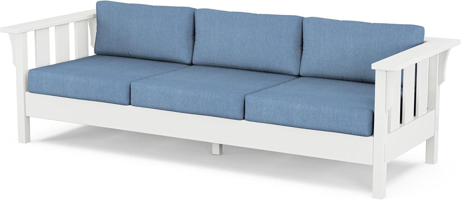 The Martha Stewart by POLYWOOD Acadia 4-Piece Deep Seating Set with Sofa celebrates a return to the forms of Craftsman furniture, defined by strong vertical lines that lend a subtle sense of grandeur. Decorative details emulate traditional woodworking joinery. This all-weather collection was inspired by pieces at Martha Stewart's residence in Maine, a bucolic beauty built in the 1920s.
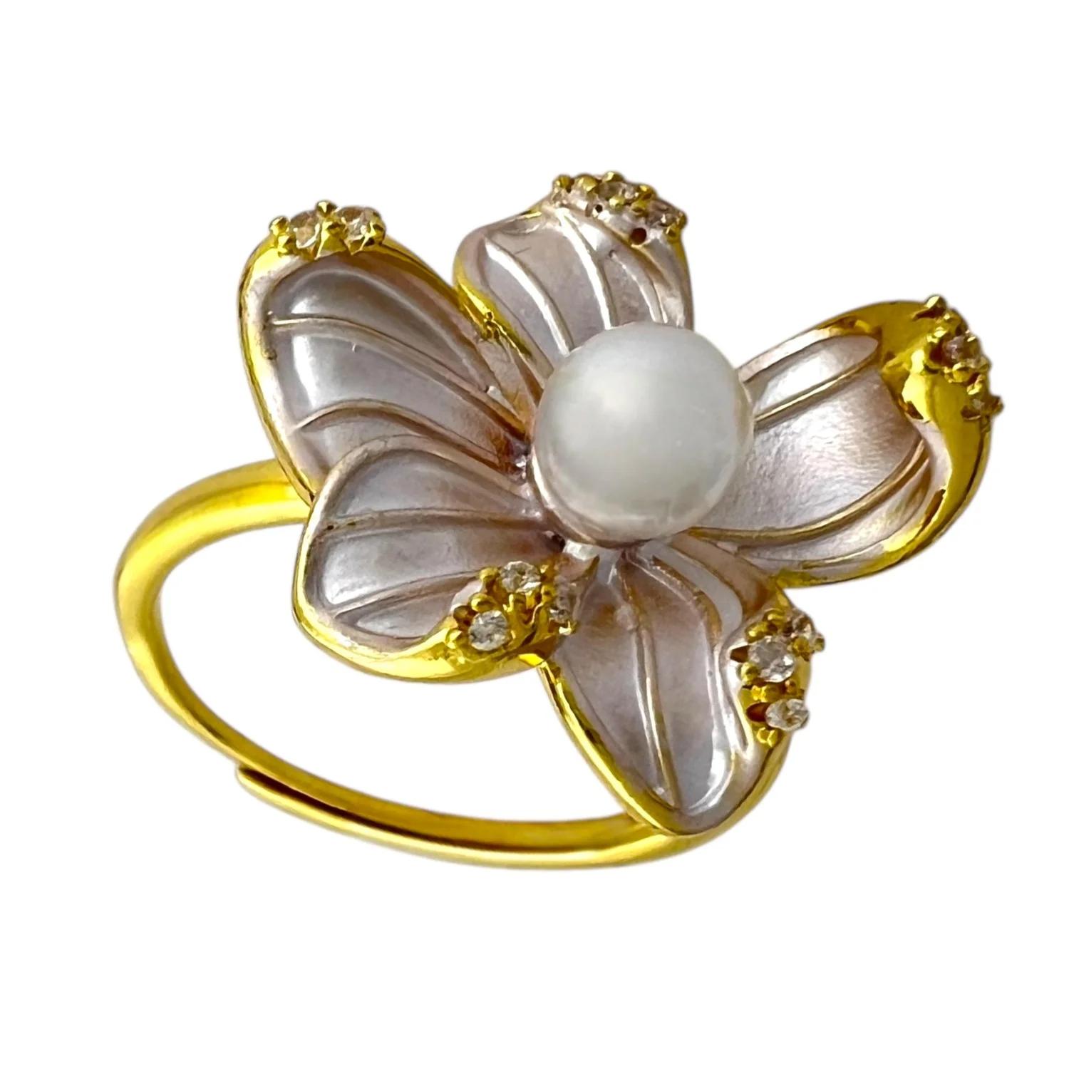 انگشتر زنانه طرح گل میناکاری رنگی با مروارید ظریف
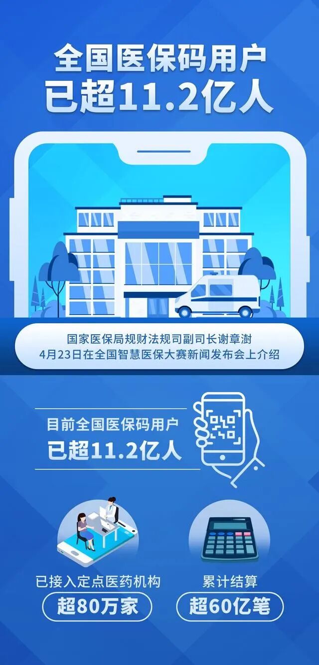 持医保码看病买药更方便。从去年开始,在全国范围内持续开展了针对医保码使用问题的“走流程、找堵点”活动,发动各级医保部门、定点医药机构,加快推动医保码从仅在结算环节可用,到可在预约挂号、签到就诊、诊疗检查、报告查询、药房取药等全流程使用,减少排队等待时间,提升看病买药体验。目前,医保码全国用户已超11.2亿,31个省(区、市)和新疆生产建设兵团均已支持使用,接入定点医药机构超过80万家,累计结算超过60亿笔。
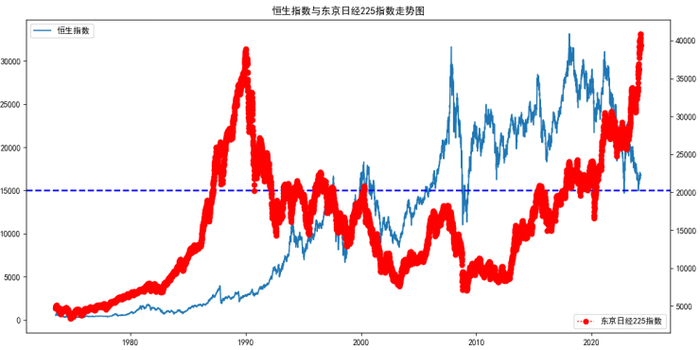 美股我们知道,一直涨,我们看日经225指数和恒生指数的走势对比。可以说从2000年开始,日经225指数跟恒生指数的走势还是非常匹配的,就像舞池里面一对翩翩起舞的爱人。
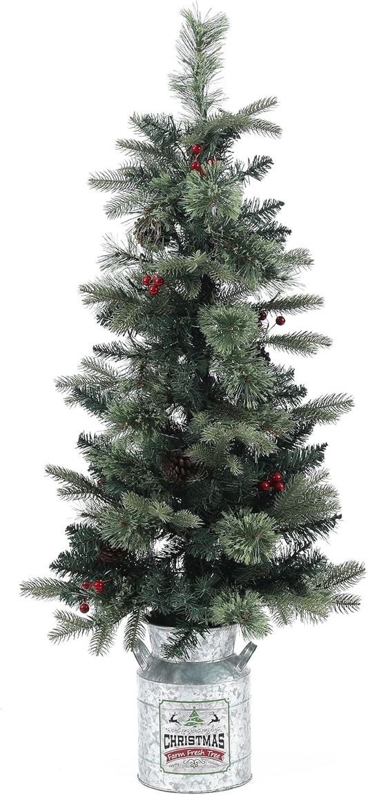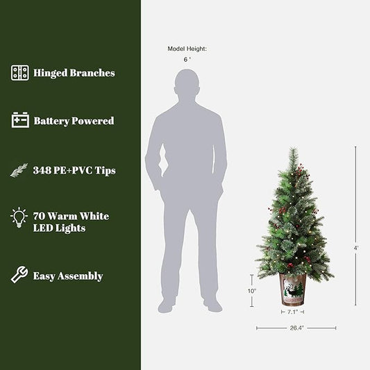 LuxenHome 4FT Small Christmas Tree, Battery Operated Potted Christmas Trees with 70 Warm White LED Lights, Slim Xmas Tree with Red Berries and Metal Pot for Entryway, Livingroom Holiday Display
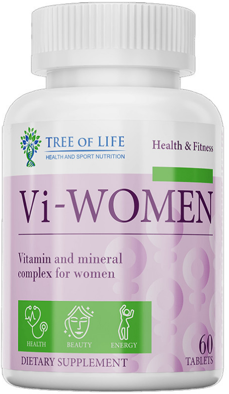 Vi-Women – это специально разработанный комплекс витаминов и минералов, предназначенный для удовлетворения уникальных потребностей женского организма. Эта добавка представляет собой источник витаминов А, С, D3, Е, К1, а также всего комплекса витаминов группы В: В1, В2, В3, В5, В6, В7, В9, В12. Кроме того, в её состав входят такие необходимые минералы, как железо, цинк, медь, марганец, молибден, йод, селен, хром, ванадий, фтор, бор и кобальт.
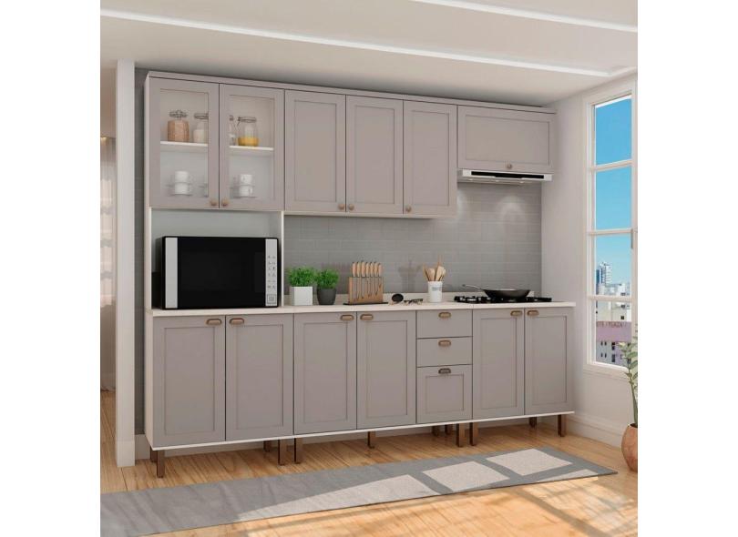 O menor preço encontrado no Brasil para Cozinha Completa Iluminata Ester 12 Portas 3 Gavetas 100% Mdf com Vidro Branco/Marrom Claro/Mineral - Genialflex atualmente é R$ 2.614,42.

[Activity]
A picture-free version of all the records, repeated exactly, is what to return.

[Answer area]
 The Martha Stewart by POLYWOOD Acadia 4-Piece Deep Seating Set with Sofa celebrates a return to the forms of Craftsman furniture, defined by strong vertical lines that lend a subtle sense of grandeur. Decorative details emulate traditional woodworking joinery. This all-weather collection was inspired by pieces at Martha Stewart's residence in Maine, a bucolic beauty built in the 1920s.
 انگشتر زنانه طرح گل میناکاری رنگی با مروارید ظریف
 持医保码看病买药更方便。从去年开始,在全国范围内持续开展了针对医保码使用问题的“走流程、找堵点”活动,发动各级医保部门、定点医药机构,加快推动医保码从仅在结算环节可用,到可在预约挂号、签到就诊、诊疗检查、报告查询、药房取药等全流程使用,减少排队等待时间,提升看病买药体验。目前,医保码全国用户已超11.2亿,31个省(区、市)和新疆生产建设兵团均已支持使用,接入定点医药机构超过80万家,累计结算超过60亿笔。
 美股我们知道,一直涨,我们看日经225指数和恒生指数的走势对比。可以说从2000年开始,日经225指数跟恒生指数的走势还是非常匹配的,就像舞池里面一对翩翩起舞的爱人。
 LuxenHome 4FT Small Christmas Tree, Battery Operated Potted Christmas Trees with 70 Warm White LED Lights, Slim Xmas Tree with Red Berries and Metal Pot for Entryway, Livingroom Holiday Display
 Vi-Women – это специально разработанный комплекс витаминов и минералов, предназначенный для удовлетворения уникальных потребностей женского организма. Эта добавка представляет собой источник витаминов А, С, D3, Е, К1, а также всего комплекса витаминов группы В: В1, В2, В3, В5, В6, В7, В9, В12. Кроме того, в её состав входят такие необходимые минералы, как железо, цинк, медь, марганец, молибден, йод, селен, хром, ванадий, фтор, бор и кобальт.
 O menor preço encontrado no Brasil para Cozinha Completa Iluminata Ester 12 Portas 3 Gavetas 100% Mdf com Vidro Branco/Marrom Claro/Mineral - Genialflex atualmente é R$ 2.614,42.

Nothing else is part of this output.